しかし、良書から得られる知識は、もはや体験に近い感覚で自分に吸収されていくものだ。
良書は物事の本質を語っているため、何十年も前に執筆された本であることが多い。何十年も前の本であるにも関わらず、現在においても尚「良書」と言われているのは、それだけの価値があるということだ。

また、良書を一冊仕上げるためには、その著者は何十時間、何年、下手したら何十年もの調査や研究を重ねている。つまり、良書一冊読むことで、著者が捧げた膨大な研究成果や思考を、数時間で習得することができるのだ。
これは、最近特に目につく「何かをコピーしたような自己啓発本」とは訳が違う。本一冊を書き上げるために費やした「思考の深さ」が、段違いであるからだ。自己啓発本ほど内容の薄い本はないし、僕は自然と敬遠してしまう。(タイトルが自己啓発を思わせるだけで毛嫌いしてしまい、良書を見逃してしまっている危険も否めないが)

閑話休題。
今日は、僕が今までに読んだ良書の中で、自分自身の考え方をがらりと変えた衝撃的な良書を5冊紹介する。

誰のためのデザイン?

誰のためのデザイン? 増補・改訂版 ―認知科学者のデザイン原論

最近、フィンテックやテクノロジーの進化によってUI/UXという言葉をよく耳にする。
ユーザにとって、どのようなインターフェースを提供し、どのような体験をもたらすかを本質的に考えていこう、というものだ。

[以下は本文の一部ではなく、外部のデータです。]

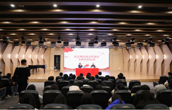 万里鹏和陈洪波两位教授以“民法典侵权责任编在实践中的运用”为题,从现实生活中的真实案例切入,通过结合机动车交通事故的定性、机动车的赔偿责任、高空抛物等案例,以小见大,深入浅出的剖析了民法典在实际案例中的运用,让同学们对法律知识有了进一步理解,加强了法律意识。
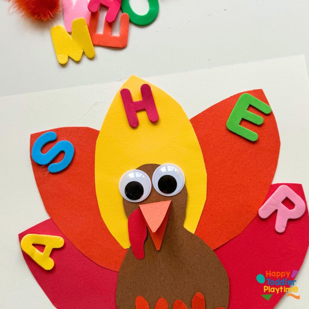On a sheet of white paper, arrange the feathers in a fan shape in the order of their name at the top to represent the turkey’s plumage. Then, glue the turkey body on top so that it sits in front of the feathers. Your child can finish by adding googly eyes to the face for a bit of character!
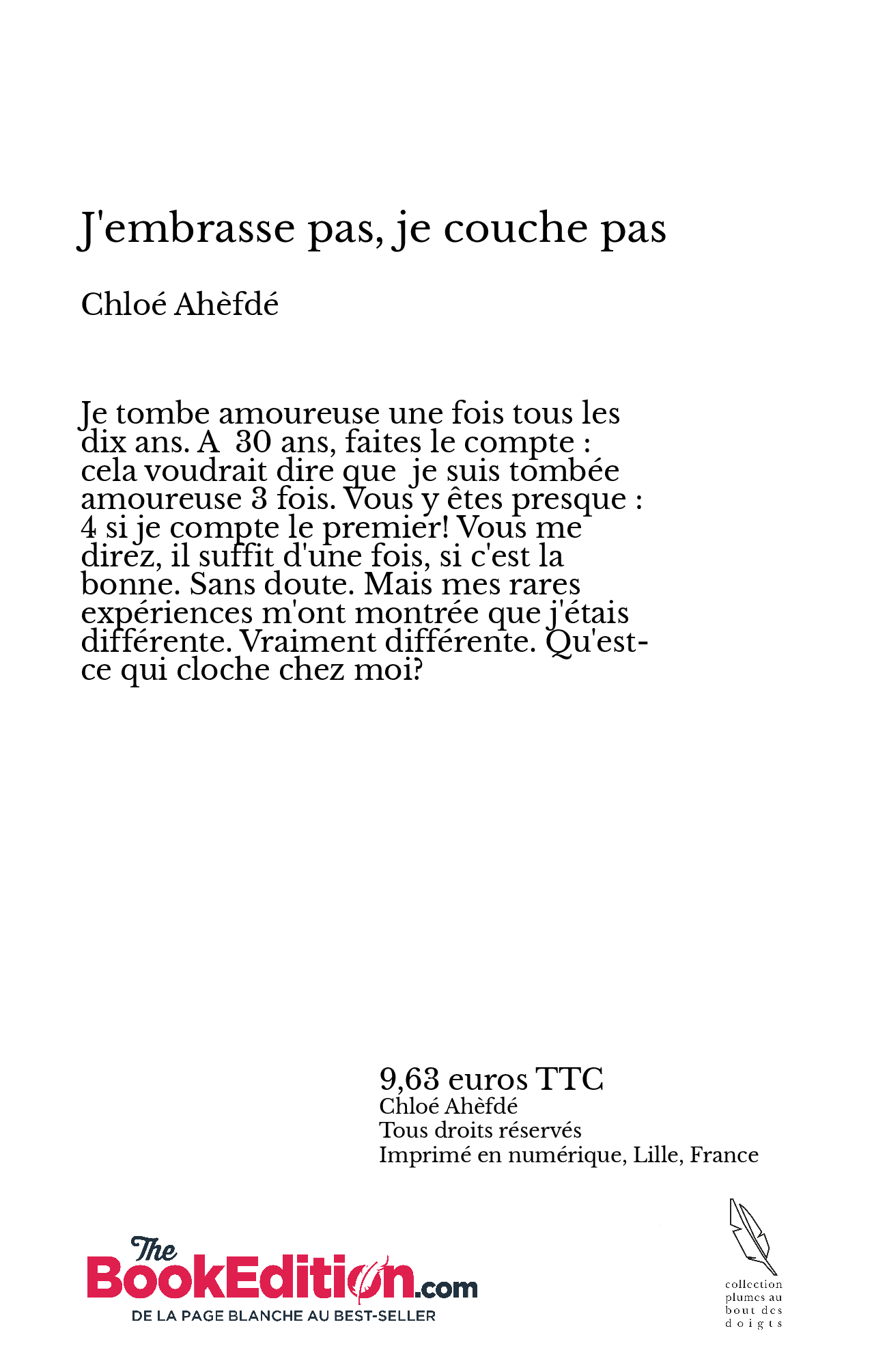 Je tombe amoureuse une fois tous les dix ans. A 30 ans, faites le compte : cela voudrait dire que je suis tombée amoureuse 3 fois. Vous y êtes presque : 4 si je compte le premier! Vous me direz, il suffit d'une fois, si c'est la bonne. Sans doute. Mais mes rares expériences m'ont montrée que j'étais différente. Vraiment différente. Qu'est-ce qui cloche chez moi?
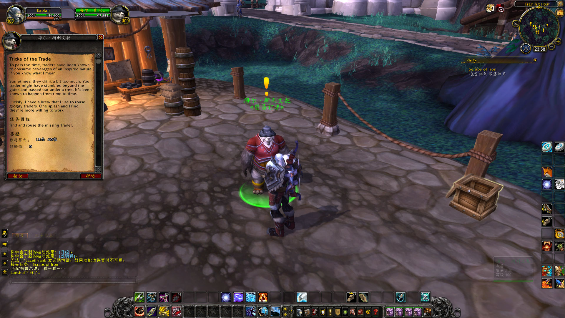 当货栈建造完成以后,能从货栈主人,熊猫人海尔斯利文托处接到任务:贸易的诀窍
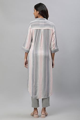 Aurelia Women's Rayon Dobby Crepe Straight Fit Coral Stripes Yarn Dyed Straight Kurta
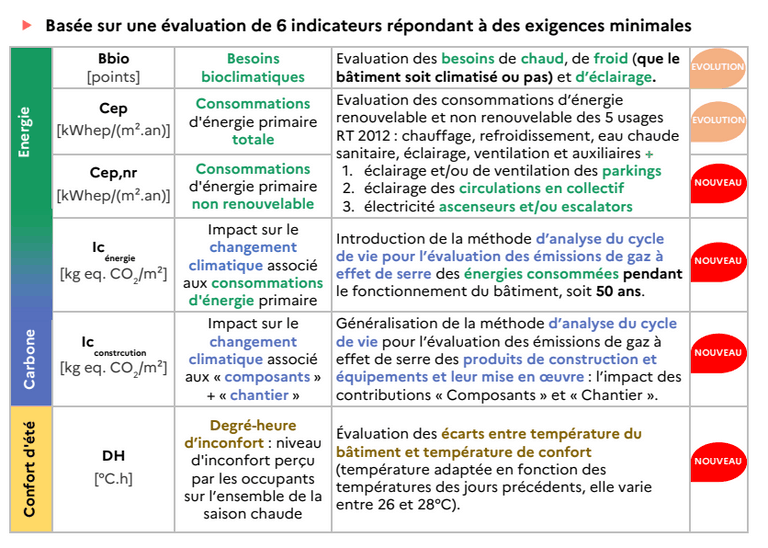 Elle poursuit des objectifs d’amélioration de la performance énergétique des bâtiments neufs, de réduction de leur impact sur le climat (prise en compte des émissions de gaz à effet de serre sur l’ensemble du cycle de vie des bâtiments) et de leur adaptation aux conditions climatiques futures (renforcement du confort d’été).
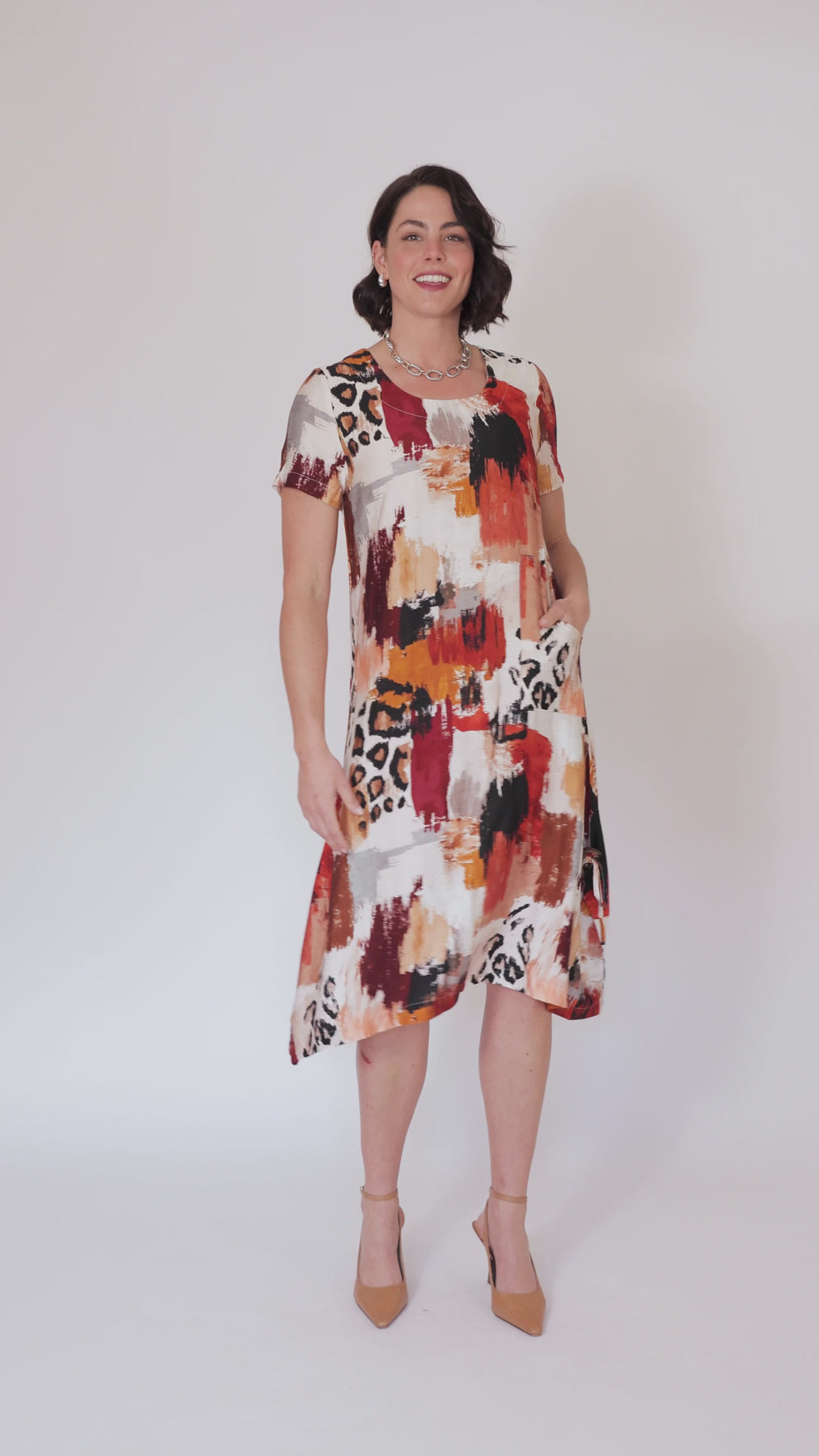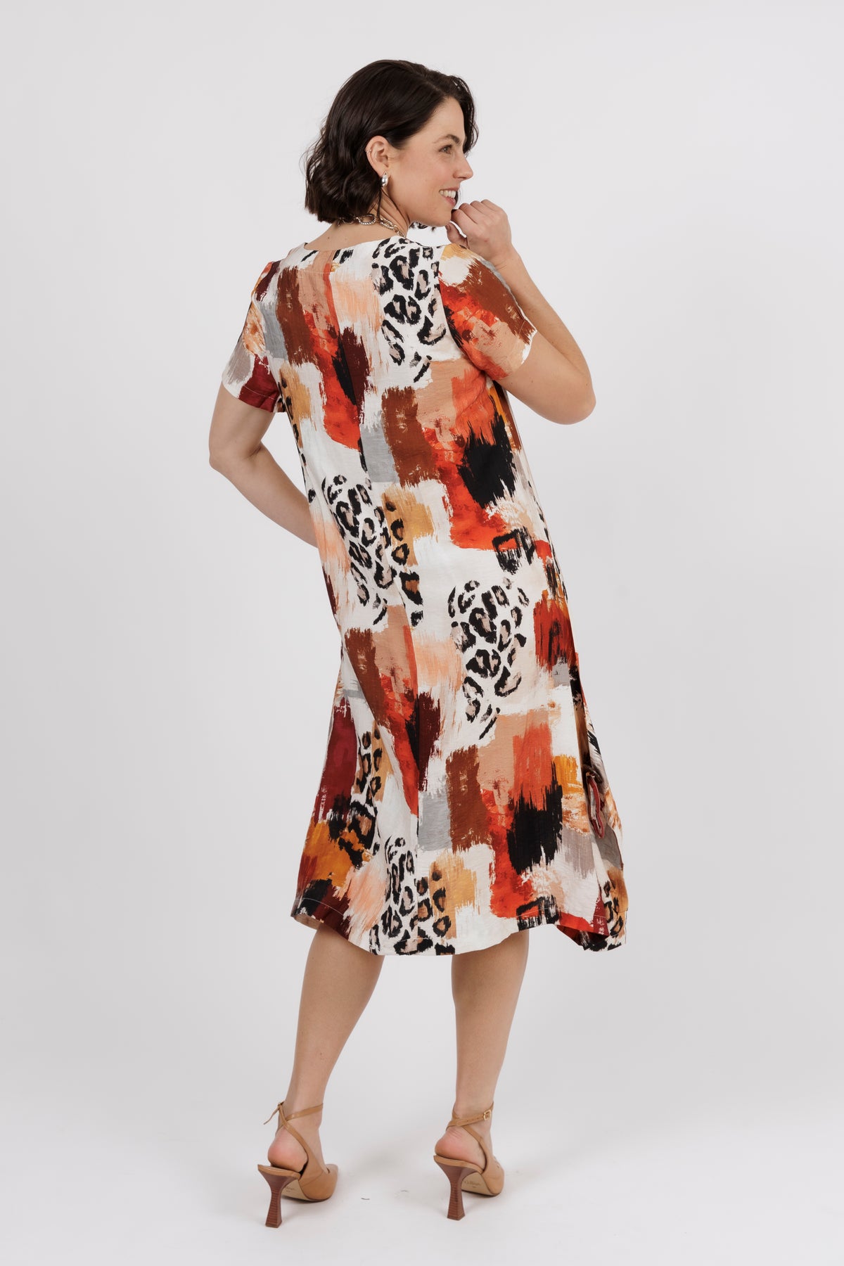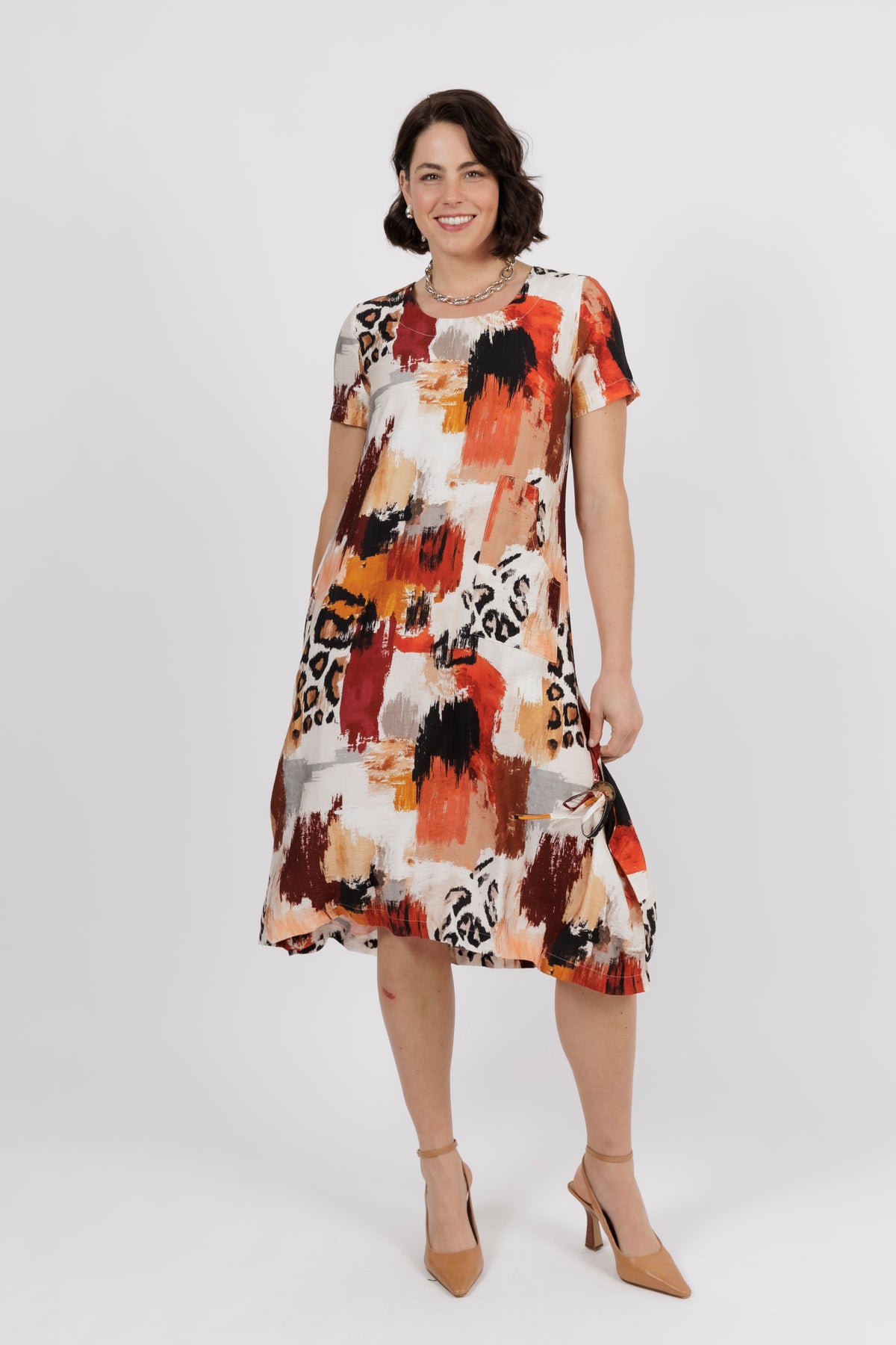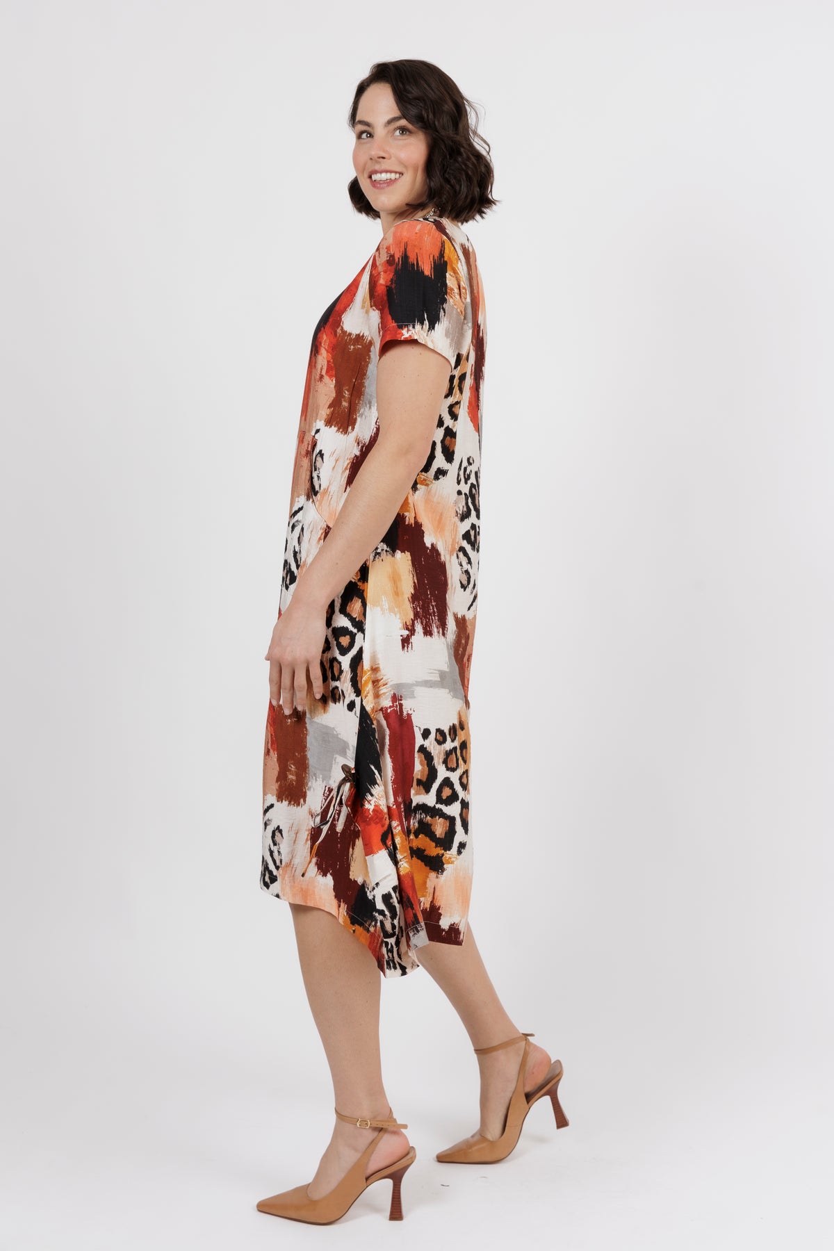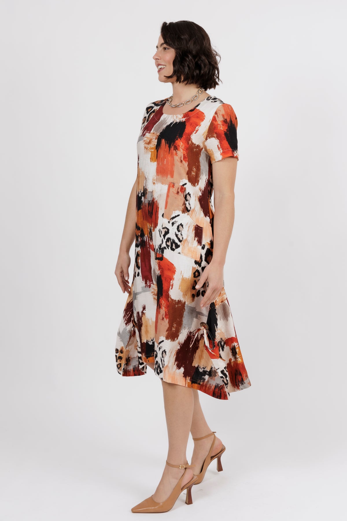 Regular price $59.89 Sale price $41.91Bold, modern and effortlessly flattering - this swing dress is made to stand out. The artistic brushstroke and animal print mix in warm autumn hues of rust, caramel, and ivory gives it a contemporary edge. Cut in a relaxed A-line silhouette with short sleeves and soft drape, it moves beautifully with every step.

最近の事例で言えば、まさにAppleのiPhoneがUI/UXの良い事例だと言えるだろう。iPhoneの発売によって、携帯電話に対する考え方が社会的にガラリと変わった。
しかし、その後はAppleの追随プロダクトしか見かけず「前面液晶でタッチパネル」ということがUI/UXの正解であるかのようなプロダクトしか出てこない。果たして、これらの企業やプロダクトマネージャーは、真にUI/UXを考え抜いているのであろうか、甚だ疑問が残る。
以前にも、このブログで記事を書いたが、UI/UXは徹底したユーザ視点で考え抜くことが重要なのだ。企業や担当者都合の改善プロダクトやスペック競争は、UI/UXの視点で考えたとは言えない。

この書籍は、まさにUI/UXの本質を的確に捉えているのだが、驚くべきはこの書籍が20年以上も前に書かれたものであることだ。
本のタイトルにある「デザイン」という単語を読むと、何となくデザイナー向けの書籍を連想させるが、決してデザイナーだけの書籍ではない。プロダクトに関わる担当者ひいては全てのビジネスマンにとって、仕事のアウトプットを本質的に考え直すヒントを学ぶことができるはずだ。
www.overwrite-save.com

富の未来

富の未来 上巻
富の未来 下巻

この書籍は、僕がフォローしているブロガー2名が紹介していたことに加えて、尊敬しているあるビジネスリーダーから薦められて手に取った。

未来を予想する本はたくさんある。
しかし、その合理性や納得感は千差万別で、そのほとんどは空想科学読本のようなエンターテイメント的な要素を多分に含む書籍である。
一方で、この「富の未来」はかなり現実的な未来予想となっている。テクノロジーやマクロ経済、社会学的な見地等を複合的に考慮してストーリーが組み立てられている。過去の歴史からみても、一見突飛に見える予測もかなり合理性が担保されており、未来を知るというよりも「まさに現在」を知るために、とても有意義な一冊だ。

ビジネスにおいて将来を予測するケースは多いと思うが、その時の考え方の一助になることは間違いない。

銀河ヒッチハイクガイド

新銀河ヒッチハイク・ガイド上 (河出文庫)
新銀河ヒッチハイク・ガイド下 (河出文庫)

僕がリスペクトするビジネスリーダーの一人、イーロン・マスク(テスラ・モーターズ創業者)がおすすめしていた書籍。上述の2冊とは趣向が異なり、これはSF小説だ。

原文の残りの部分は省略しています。